My favorite fruit cake recipes are very dry. I bake the cakes by the last week in October. When cool, I wrap in a an old piece of sheeting, sprinkle with a little dark rum and seal in a plastic rubbermaid type container. Once or twice a week I flip the cakes over and sprinkle with more rum. By the holidays the cakes have mellowed, are very moist and are delightfully tipsy. 

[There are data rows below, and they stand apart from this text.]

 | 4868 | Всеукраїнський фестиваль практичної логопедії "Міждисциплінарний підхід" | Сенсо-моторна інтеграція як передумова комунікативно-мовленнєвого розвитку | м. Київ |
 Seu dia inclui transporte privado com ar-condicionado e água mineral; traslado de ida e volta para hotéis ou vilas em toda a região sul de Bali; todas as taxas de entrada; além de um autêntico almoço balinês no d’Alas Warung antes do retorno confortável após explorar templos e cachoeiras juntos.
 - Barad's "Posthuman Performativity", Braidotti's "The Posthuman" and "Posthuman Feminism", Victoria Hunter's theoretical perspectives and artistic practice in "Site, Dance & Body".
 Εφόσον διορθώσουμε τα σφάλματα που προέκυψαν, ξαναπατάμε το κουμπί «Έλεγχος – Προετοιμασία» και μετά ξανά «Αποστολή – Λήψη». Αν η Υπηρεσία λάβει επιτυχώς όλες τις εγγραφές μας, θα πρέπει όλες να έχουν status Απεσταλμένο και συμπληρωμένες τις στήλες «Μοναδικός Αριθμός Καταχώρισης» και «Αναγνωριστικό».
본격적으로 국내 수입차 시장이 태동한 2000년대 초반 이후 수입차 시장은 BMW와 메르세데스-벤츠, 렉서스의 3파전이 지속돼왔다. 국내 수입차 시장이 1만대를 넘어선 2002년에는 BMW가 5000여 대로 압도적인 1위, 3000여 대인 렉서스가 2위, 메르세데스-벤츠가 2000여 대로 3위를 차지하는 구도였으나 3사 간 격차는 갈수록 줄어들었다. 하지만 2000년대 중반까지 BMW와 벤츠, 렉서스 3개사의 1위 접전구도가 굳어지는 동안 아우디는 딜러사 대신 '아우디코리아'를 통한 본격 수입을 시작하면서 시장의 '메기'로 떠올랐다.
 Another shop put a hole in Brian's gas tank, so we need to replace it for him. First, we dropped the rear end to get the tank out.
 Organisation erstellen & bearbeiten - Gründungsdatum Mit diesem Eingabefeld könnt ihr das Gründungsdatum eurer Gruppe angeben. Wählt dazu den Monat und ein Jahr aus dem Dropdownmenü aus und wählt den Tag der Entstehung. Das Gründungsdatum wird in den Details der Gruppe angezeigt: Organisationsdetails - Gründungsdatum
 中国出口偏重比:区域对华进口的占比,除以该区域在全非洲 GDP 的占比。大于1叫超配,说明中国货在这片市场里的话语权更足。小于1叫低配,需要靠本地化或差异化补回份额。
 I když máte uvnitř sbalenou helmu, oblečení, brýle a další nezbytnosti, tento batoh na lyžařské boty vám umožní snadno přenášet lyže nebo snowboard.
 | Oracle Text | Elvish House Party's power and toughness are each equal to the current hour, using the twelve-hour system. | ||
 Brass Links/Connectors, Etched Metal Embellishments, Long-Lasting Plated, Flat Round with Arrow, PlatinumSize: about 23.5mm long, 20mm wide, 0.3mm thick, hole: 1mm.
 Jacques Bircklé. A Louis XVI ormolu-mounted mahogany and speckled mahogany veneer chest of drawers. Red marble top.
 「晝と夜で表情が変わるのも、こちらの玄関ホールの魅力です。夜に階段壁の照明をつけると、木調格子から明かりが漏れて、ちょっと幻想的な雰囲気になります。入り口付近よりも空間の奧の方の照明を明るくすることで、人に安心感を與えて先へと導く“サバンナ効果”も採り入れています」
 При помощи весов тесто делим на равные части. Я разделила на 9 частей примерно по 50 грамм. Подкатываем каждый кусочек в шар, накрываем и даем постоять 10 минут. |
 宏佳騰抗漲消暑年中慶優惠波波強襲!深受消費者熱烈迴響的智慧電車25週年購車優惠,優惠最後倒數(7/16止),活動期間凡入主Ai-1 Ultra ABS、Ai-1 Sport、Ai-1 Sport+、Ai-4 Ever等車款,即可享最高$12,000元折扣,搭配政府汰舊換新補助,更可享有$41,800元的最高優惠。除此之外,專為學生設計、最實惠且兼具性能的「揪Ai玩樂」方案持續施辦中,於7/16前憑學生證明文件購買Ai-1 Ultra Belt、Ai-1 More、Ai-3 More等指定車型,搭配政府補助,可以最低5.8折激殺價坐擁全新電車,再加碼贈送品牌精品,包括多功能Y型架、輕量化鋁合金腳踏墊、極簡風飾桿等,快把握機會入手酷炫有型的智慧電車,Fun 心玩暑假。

The drier the cake, the more rum they can drink.:roll:


----------



## yuesang (May 27, 2006)

Hi gahtan
Thanks for the recipe. Will try this out.

yuesang:bounce:


----------



## panini (Jul 28, 2001)

Yuesang,
I'm thinking maybe the eggs should not be seperated.
Or move the brown sugar down with the butter and mix the butt,sug and yolks


----------



## yuesang (May 27, 2006)

Hi Panini

You could be right because most fruit cake recipes do not need to separate the eggs.

yuesang:lips:


----------



## felixe the dog (Jul 16, 2006)

Just remember this, the purpose of washing fruit is to:
remove grit and dirt.
Increase the moisture content in the fruit so it does not draw moisture from the cake - leading to early staling.
Increases the yield of the fruit and therefore the yield of the cake. 
Water is (still so far) cheap and washing fruit gives plump moist fruit and a moist cake. Don't wash and then dry the fruit again.
Also, increase the rate of inverted sugar, whether it be invert sugar, fruitcose, honey or glycerine. All of these have moisture retaining properties and help to slow down staling.
You should also add a small % of fruitcose/glycerine to your fruit to aid in moisture retention after washing.
But, too much leads to excessive sweetness and quicker browning of the cake.
I hope this helps. 
Finally - always check and test any recipe out of a magazine - you can never completely trust the source.


----------



## foodpump (Oct 10, 2005)

I like to "massage" my dried fruit: All the fruit other than the cherries go into a mixing bowl, orange juice, (water? water tastes like water) fresh citrus zest, and booze, if required, are added, then stick in the dough hook and "massage" for about 5 minutes on low speed. This will speed up the process of the fruit soaking up liquids, and ensure that the fruit is properly hydrated.


----------